3480

Memory Efficient Model Based Reconstruction for Volumetric Non-Cartesian Acquisitions using Gradient Checkpointing and Blockwise Learning

Zachary Miller¹ and Kevin Johnson¹
¹University of Wisconsin-Madison, Madison, WI, United States

Synopsis

The goal of this work is to reconstruct high resolution, volumetric non-cartesian acquisitions using model based deep learning. This is a challenging problem because unlike cartesian acquisitions and hybrid trajectories like stack of spirals that can be decoupled into 2D sub problems, fully non-cartesian trajectories require the complete 3D volume for data-consistency pushing GPU memory capacity to its limits even using cluster computing. Here, we investigate blockwise learning, a method that has the memory saving benefits of patch-based methods while maintaining data-consistency in k-space. We demonstrate the feasibility of this method by reconstructing high resolution pulmonary non-contrast and MRA acquisitions.

Introduction

Fully non-Cartesian (NC) acquisitions offer many benefits over Cartesian methods as they sample k-space in all dimensions and offer intrinsic motion robustness. For these reasons, NC sampling is being developed for free-breathing body acquisitions. However, the clinical adoption of these techniques is limited by lengthy reconstruction times, especially when using iterative constrained reconstructions (1).

Model based Deep Learning (MBDL) offers a technique for fast NC reconstructions that can outperform iterative methods. MBDL has been primarily applied to 2D Cartesian sampling and has consistently been faster and outperformed compressed sensing (CS) reconstructions (2). These methods, however, have seen limited application to the volumetric NC setting due to GPU memory limitations.
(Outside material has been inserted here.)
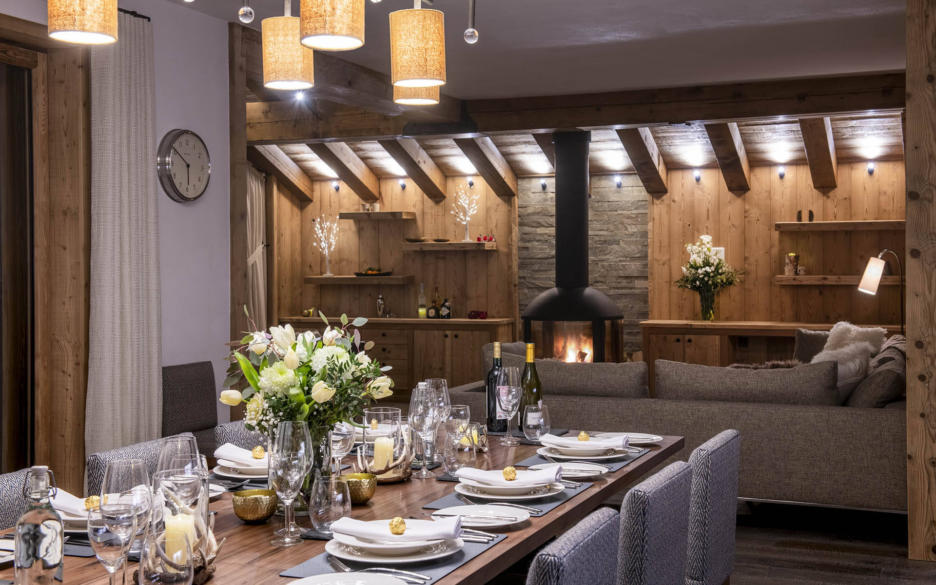 On the upper floor is the open-plan living space, flooded with light from the floor-to-ceiling windows overlooking the piste. At one end is the modern refectory-style dining table, the perfect place to sit and enjoy a morning coffee over breakfast as you all plan your day.

Unlike volumetric cartesian acquisitions and hybrid trajectories like stack of spirals that can be decoupled into 2D sub-problems, fully NC trajectories require the complete 3D volume for data-consistency. With MBDL that alternates between regularizer and data-consistency steps, this means that the entire 3D volume must be passed through the DL regularizer prior to data-consistency during training. For high resolution volumetric acquisitions, MBDL reconstructions that use standard neural network architectures like U-nets or Res-nets require hundreds of gigabytes of GPU RAM. This makes fully non-cartesian model based reconstruction difficult on even state of the art GPU clusters.
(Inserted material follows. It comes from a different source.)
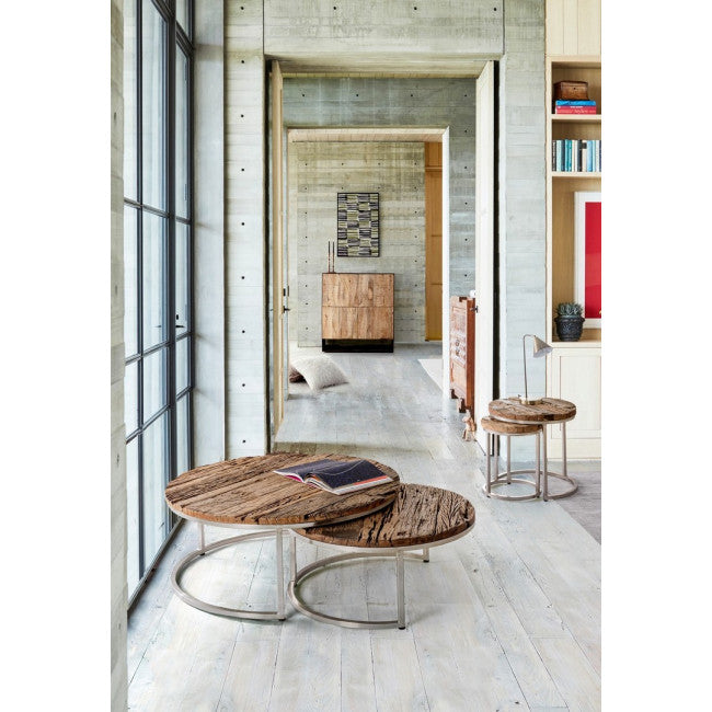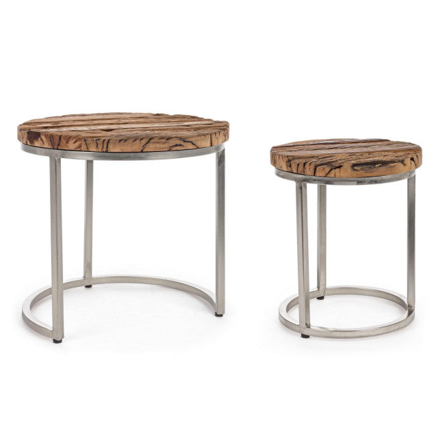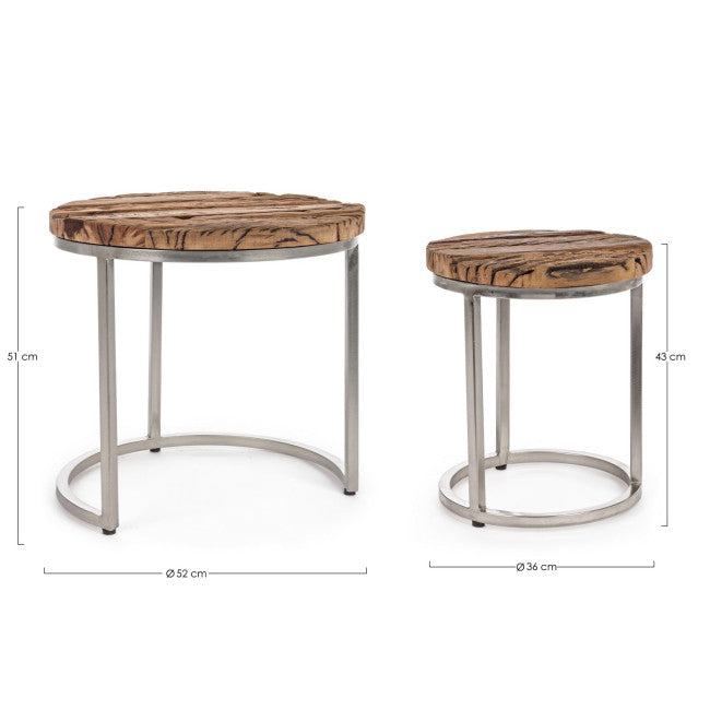 STRUTTURA IN ACCIAIO CON FINITURA NICKEL, PIANO IN LEGNO RICICLATO.

In this work, we investigate block-wise learning (BWL), a MBDL reconstruction method that makes these high resolution, NC reconstructions feasible on a single GPU. This method has the memory-saving benefits of patch-based methods during the neural network step while maintaining data-consistency in k-space.This makes volumetric, fully non-Cartesian reconstructions feasible using MBDL. As proof of concept, we apply BWL to reconstruction of highly undersampled (5000 spokes), 32-channel high resolution pulmonary UTE datasets using a single 40 GB A100 GPU.

Methods

Block-wise Learning Algorithm: Patch based methods are popular for neural network training in image-space because they significantly reduce GPU memory load. But in these techniques, data is divided into patches during pre-processing and the neural network is trained directly on these patches. The challenge for MBDL with 3D NC data is that this type of pre-processing block division is impossible because the full volume is needed for k-space data consistency.
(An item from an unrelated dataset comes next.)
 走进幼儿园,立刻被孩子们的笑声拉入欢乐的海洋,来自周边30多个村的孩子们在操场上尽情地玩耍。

BWL gets around these issues by decomposing the input volume into a series of blocks, pushing each block iteratively through the denoising network, and then recomposing the denoised volume for data-consistency. Combined with gradient checkpointing (3) in place of traditional backpropagation, GPU memory burden then becomes proportional to user-selected block size rather than full volume. For a single unroll, the algorithm is as follows:

Gradient Checkpoint Unroll: Classical backprop saves each intermediate step in memory so iterating through blocks results in no memory savings. Instead, gradient checkpointing recomputes intermediates during backprop meaning GPU memory is proportional to block size.
Decomposition: Decompose Np x Np x Np zero-padded input volume into a series of m x n x o blocks. Pass these blocks through the NN. Memory reduction then relative to full volume is $(Np)^{3}/{mno}$
Recomposition: Blocks are then stitched back together into full volume. Zero padding at block edges means that passing the volume block-wise through the network is not equivalent to passing the whole volume through the network. We correct for these artifacts by passing a second set of blocks through the network with each new block centered at the edges of the original blocks. We then replace the edge artifacts with the center of denoised new blocks.
Data Consistency: The denoised, corrected volume is then passed to a (NUFFT) data-consistency step

Implementation: We unrolled a supervised DL algorithm iterating between a NN (residual network, 32 channels/conv) using BWL and (NUFFT) data-consistency. We used five unrolls and trained end-to-end in a supervised fashion using mean square error loss between network output and fully sampled data proxy. The model was implemented in Pytorch and trained using a 40 GB A100 GPU.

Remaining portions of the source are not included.